看不懂的sol|Jun 04, 2025 15:31
Trump forced the Federal Reserve, and the data was far lower than expected!
Tonight, the United States released its May "small non farm" data: the ADP private employment report in May only increased by 37000 people, far below the expected 114000, with a previous increase of 62000 people.
37000 is the lowest level since March 2023.
In addition, the ADP data for April was lowered by 20000 to 60000.
This can't fit in anymore
Immediately, Trump said that Powell must cut interest rates now! He also said, 'This is unbelievable, Europe has already cut interest rates nine times.'.
At present, the US Treasury is facing enormous pressure, which is the direct reason for Trump's continuous approach to the Fed's interest rate cuts!
On the one hand, interest rate cuts can reduce the cost of the US government issuing bonds (the current interest burden is becoming increasingly heavy, to the point where it is almost impossible to pay off the interest);
On the other hand, it is still necessary for the Federal Reserve to restart QE and provide unlimited protection for US bonds! At present, to what extent has the US bond market become difficult?
This morning, there was a news: the US Treasury Department set a record for repurchasing US bonds and began "QE for the Federal Reserve"! At 2:00 p.m. EST Tuesday (June 3), the US Treasury Department announced the results of its latest treasury bond bond repurchase operation - up to $10 billion, which is the largest single treasury bond repurchase operation ever conducted by the US Treasury Department.
Originally, the US Treasury issued bonds, that is, sold treasury bond; The current situation is that some of the treasury bond bonds in the United States are no longer available, and the Federal Reserve is unwilling to release water, so the US Treasury Department can only buy back the bonds itself to cover the bottom of the US treasury bonds.
But the fact is that the US federal budget deficit for fiscal year 2025 will reach $1.865 trillion, accounting for 6.2% of the gross domestic product (GDP). Institutions predict that the US fiscal deficit for the 2026 fiscal year may reach $2.2 trillion, with the deficit ratio rising to 7%! The US Treasury Department actually doesn't have money either.
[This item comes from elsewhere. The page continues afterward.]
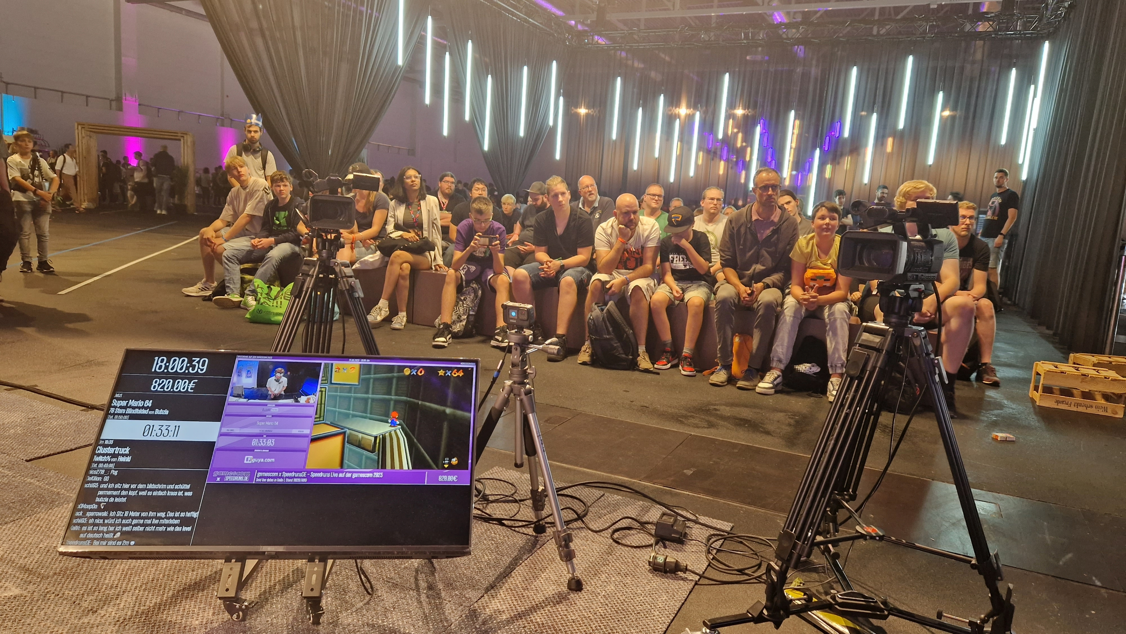 Der wohl emotionalste und eindrucksvollste Moment der Woche war das Super Mario 64 (70 Stars) Race zwischen Benji und Dwhatever. Der Zuschauerbereich war so überfüllt, dass Fans nicht nur die Sitzmöglichkeiten nutzten, sondern auch stehend um die gesamte Bühne versammelt waren – eine Atmosphäre, die selbst auf einer so großen Messe wie der gamescom selten ist.

The money to buy back treasury bond is actually: borrowing new to pay old! The US Treasury Department plans to raise $514 billion in funding for the April June quarter of 2025, with the majority of the funds used to repay maturing debts and repurchase operations.
This "new for old" debt rolling model is its conventional operation: raise funds by auctioning new treasury bond (such as 10-year, 30-year bonds), and then use these funds to buy back the old bonds with poor liquidity in the market.
To use a term that is easier for us Chinese to understand, it is called 'robbing the east wall to make up for the west wall'! Because there are many types of US Treasury bonds in the market, if the liquidity of that bond is too poor and no one wants it at all, the US government will come forward to repurchase some to provide a safety net.
This kind of behavior can only be temporary emergency and cannot last too long. So, that's why Trump is so eager to repeatedly approach the Federal Reserve's interest rate cut.
The Federal Reserve's June interest rate meeting has only two weeks left, so there is no hope of a rate cut in June; The next one will be the interest rate meeting at the end of July.
Let's see if the US bond market can hold on until the interest rate meeting at the end of July... The three-way game between the Federal Reserve, the US government (Trump team), and the market will continue.
No matter how much this process twists and turns, the ultimate result is that the market is really "dead to show you", which will force the Federal Reserve to take action!